At this point-blank range, even a handgun was deadly-accurate. Two officers died before the rest registered that anything was wrong. When they did, it still took them a second, or half a second, to understand what was happening, to force the numbness out of their brains and actually see the carnage; and then another second or two to decide to kill; and then nerveless hands must grapple with the buttons of pistol holsters. Endless, irreplaceable seconds; and Sigurd’s gun barked with metronome regularity. Eight shots, and seven kills. He threw the empty gun at the captain who had risen and managed to open the flap of his holster, and followed with his body, driving a sledgehammer fist into the man’s throat. The officers were soldiers trained to decision, and reacting much faster than a similar crowd of civilians would have; and it just didn’t matter. Against an uptime Yngling with the training of the Hird, when it came to combat on no warning, they might as well have been sheep. The captain crumpled nervelessly, and Sigurd helped himself to the pistol from the holster he had so-commendably gotten open; he spun, to fire at the major who had gotten out of his chair and was three steps into a run for help – and it was done. Absently he stepped on the neck of the captain he’d just downed, breaking it and cutting off the asphyxiating gurgle of breath through a crushed larynx; then he walked around the table to where Johanson was clutching the bullet hole in his stomach – the single nonfatal casualty of his first eight shots. In a sense that had been unconscionably risky; Johanson might have been one of those superhumans able to ignore such a wound and fire back. But it had not been likely, and he wanted to finish his say with someone capable of understanding him.

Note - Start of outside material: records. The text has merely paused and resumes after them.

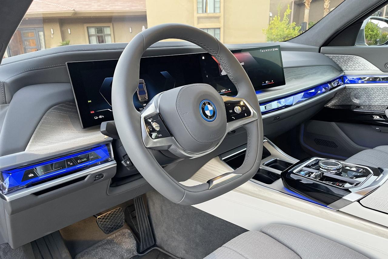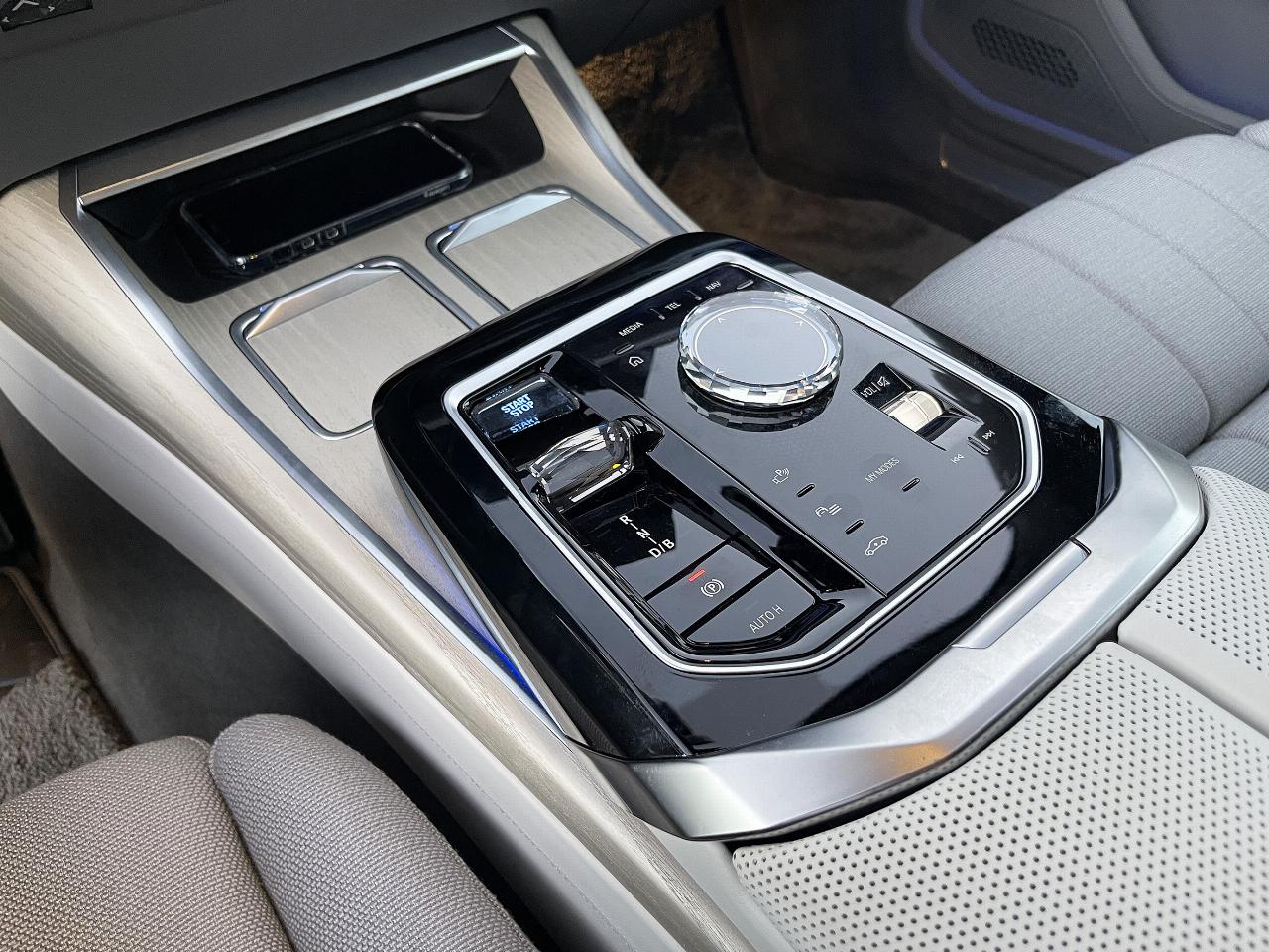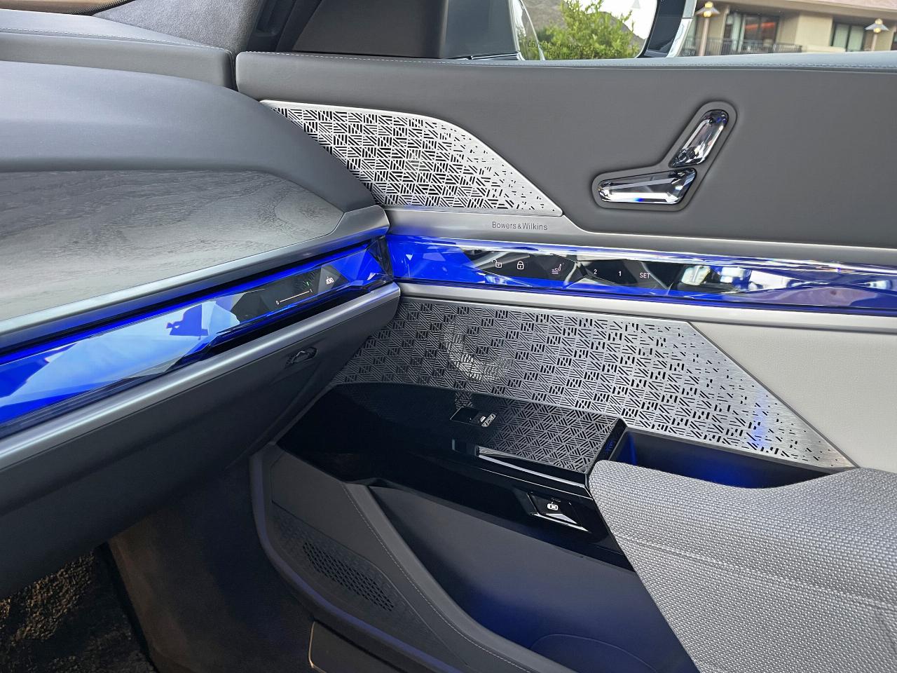 Der als „Interaction Bar“ bezeichnete Lichtstreifen in Kristalloptik am Armaturenbrett und der 31 Zoll große „Theaterscreen“-Bildschirm im Fond sind die wohl auffälligsten Elemente in diesem Auto. Das alles wirkt sehr klar und aufgeräumt. Für die elektronikaffine Klientel sind, vom neuen BMW Operating System 8 unterstützt, vielfältige weitere Funktionen an den Bildschirmen zu erkunden. Angenehm finden wir, dass der Automatikschalthebel gegen einen Kippschalter ersetzt wurde, denn Ladeschale und Becherhalter sind nun ungestört zugänglich.
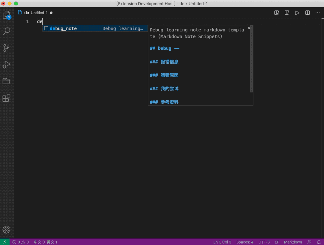 我把自己一些常用的 Markdown 模板做成代码片段并打包成了一个 插件。例如当我输入debug的时候就可以方便的调用 debug 记录模板。
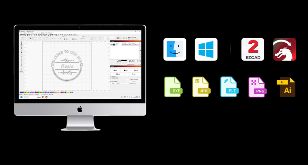 - EZCAD2: 산업 표시에 적합한 고급 제어 소프트웨어, 조각 매개 변수에 대한 정확한 제어를 제공합니다.
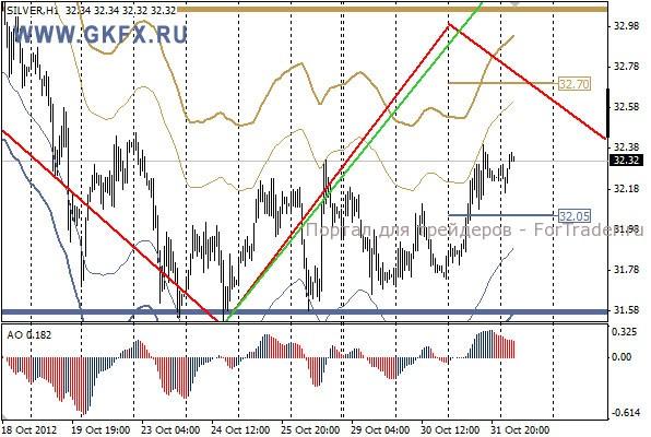 По серебру ситуация подобная, покупка вышла в плюс, нетерпеливым можно зафиксировать часть прибыли. Нужно поставить стоп в безубыток, чтобы ограничить убытки. На часовом графике индикатор АО в положительной зоне, так что в полнее вероятен рывок к цели. Цель на уровне 33,00.

“You would have learned,” he repeated, and the quiet words seemed to echo in the silence after the crash of gunfire, “that authority stems, ultimately, from the barrel of a gun; and from the hands of a man willing to kill.”

He fired once more, and left the truck to join the retreat. He could hide at Dovre; there would have to be peace, now, even at a high price in territory. Land could be sacrificed, that had always been the Yngling way; but the homeland must be protected. No mushroom clouds would rise above the mountains.